Case study of learned embeddings for positive instances. (a)auto-encoder, (b) FEUIde, (c)FEUIrl, (d)FEUI

Fig. 10
figure 10

Case study of learned embeddings for negatives instances, (a)auto-encoder, (b) FEUIde, (c)FEUIrl, (d)FEUI(In figure 10, the title of Fig10(b) should be FEUIde

6 Conclusion

We propose a novel semi-supervised framework FEUI to predict whether two users are the same user or not by embedding the generated user-pair-oriented graph, which is generated from two isolated social networks. Our proposed model is the first attempt to solve the user identification task and user embedding learning simultaneously, and investigates the possibility of jointly embedding several important information sources into a unified space, not only structural and attribute information. It seamlessly combines attributes and the local structure in the dual attribute embedding model, and also captures both the global structure features and the labels in the joint embedding model.
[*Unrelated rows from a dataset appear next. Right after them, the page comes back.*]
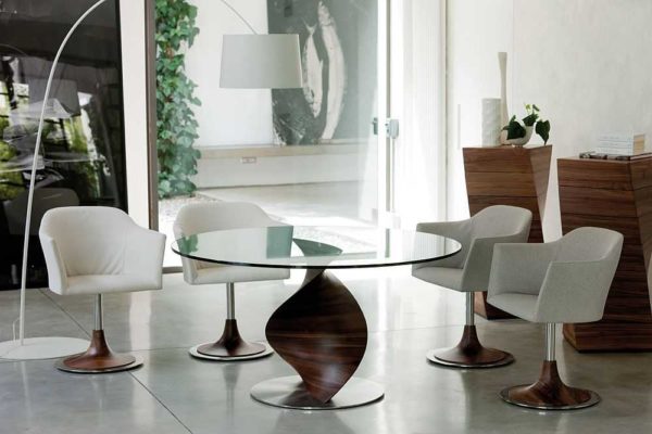 В стиле модерн хорошо будут смотреться многие стеклянные столы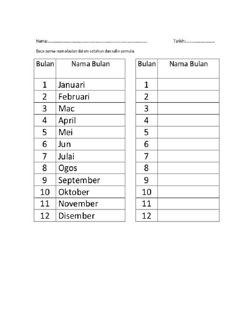 Download Nama Hari - 3 worksheet | Worksheets, Online activities, WorkbookMy BM 1640052643 Latihan Menulis Nama Nama Bulan Dalam Setahun Ver 1 | PDF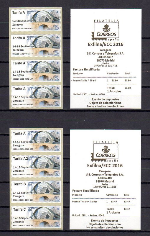 ATM´s Zaragoza Puente, serie cuatro valores tarifa A y serie cuatro tarifas con sus recibos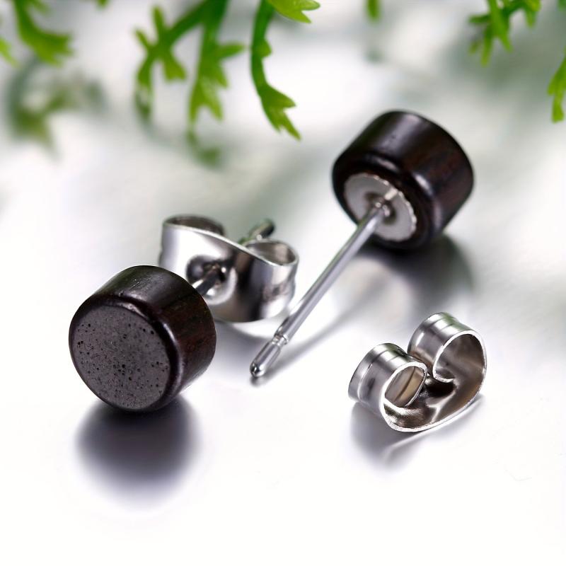 Wooden Earrings Stainless Steel Piercing Earrings 6mm 12mm

The experimental results on two real-world datasets validate the effectiveness of our model.

In our future work, we plan to study the following directions. First, the users in social networks have multiple modalities, so we will enhance our model to jointly embed multi-modal data. Second, most social networks have the nature of evolution, we can improve our model to adapt to the dynamic changes, such as the new follower-ship and new users.